It isn’t that different than you’d expect to see in a standard build script.   The first line identifies the base image to be used.   As previously mentioned we’ll be using Alpine version 3.3 available from the public Docker registry.  Next, we install some build dependencies using apk (Alpine package manager).  After that we unzip and patch the source and use traditional cmake and make commands to build the C++ libraries.    To build an image from this Dockerfile we change to the directory containing this file and execute the build command.

$ docker build –t dds-base .

The –t command tags the image with a human-friendly string versus a randomly generated one for future use.    So the build image or build-pack has been created. Let’s use this image to create the publisher and subscriber images.  

The creation of the publisher and subscriber are similar and accomplished in two steps.  The first step uses the previously created build image or build-pack to compile the executable and the second takes the generated executable and packages it in a runtime image.   This two-phased approach minimizes the size of the container since the build tools and intermediate artifacts are discarded when the runtime image is created.  The two Dockerfiles used in creating the images are intuitively called Dockerfile.build and Dockerfile.run.

FROM dds-base:latest                                    (Dockerfile.build)

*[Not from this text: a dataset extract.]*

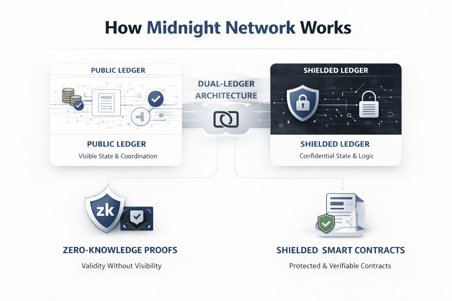 Midnight works through a design that separates public coordination from confidential execution. Its architecture combines a dual-ledger architecture with zero-knowledge proofs so applications can keep sensitive state private while still proving that transactions and contract logic followed the rules. Midnight’s own overview frames this as programmable privacy supported by a system that preserves utility, predictable operation, and developer usability.
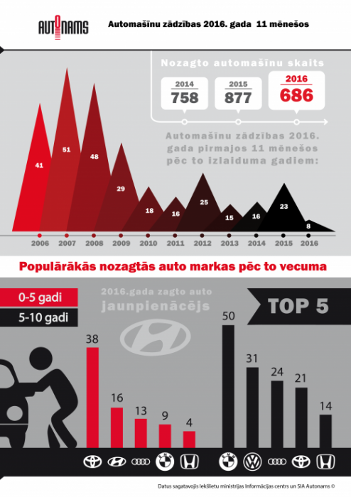 Automašīnu aizsardzības sistēmu eksperta “Autonams” kopsavilkums par 2016. gada 11 mēnešos veiktajām automašīnu zādzībām liecina, ka šogad pieaudzis vidējās klases automašīnu zādzību skaits.

# Add publisher source code for build
COPY /src /src

# Compile sources to executable
RUN set -ex \
    && cd /src \
    && /rti_connext_micro.2.4.8/rtiddsgen/scripts/rtiddsgen -replace -language microC++ HelloWorld.idl \
    && g++ -Wall -DRTI_UNIX -DRTI_LINUX -DRTI_POSIX_THREADS -I. -I/rti_connext_micro.2.4.8/include -I/rti_connext_micro.2.4.8/include/rti_me *.cxx -L/rti_connext_micro.2.4.8/lib/i86Linux2.6gcc4.4.5/ -o HelloWorld_publisher -L/rti_connext_micro.2.4.8/lib/i86Linux2.6gcc4.4.5/ -lrti_me_cppz -lrti_me_rhsmz -lrti_me_whsmz -lrti_me_discdpdez -lrti_me_discdpdez -lrti_mez -ldl -lpthread -lrt \
    && chmod +x HelloWorld_publisher \
    && mv HelloWorld_publisher /bin

# copy the runtime dockerfile into the context
COPY Dockerfile.run Dockerfile

#export the dockerfile and executable as a tar stream
CMD tar -cf - Dockerfile /bin 
FROM alpine:3.3                                          (Dockerfile.run)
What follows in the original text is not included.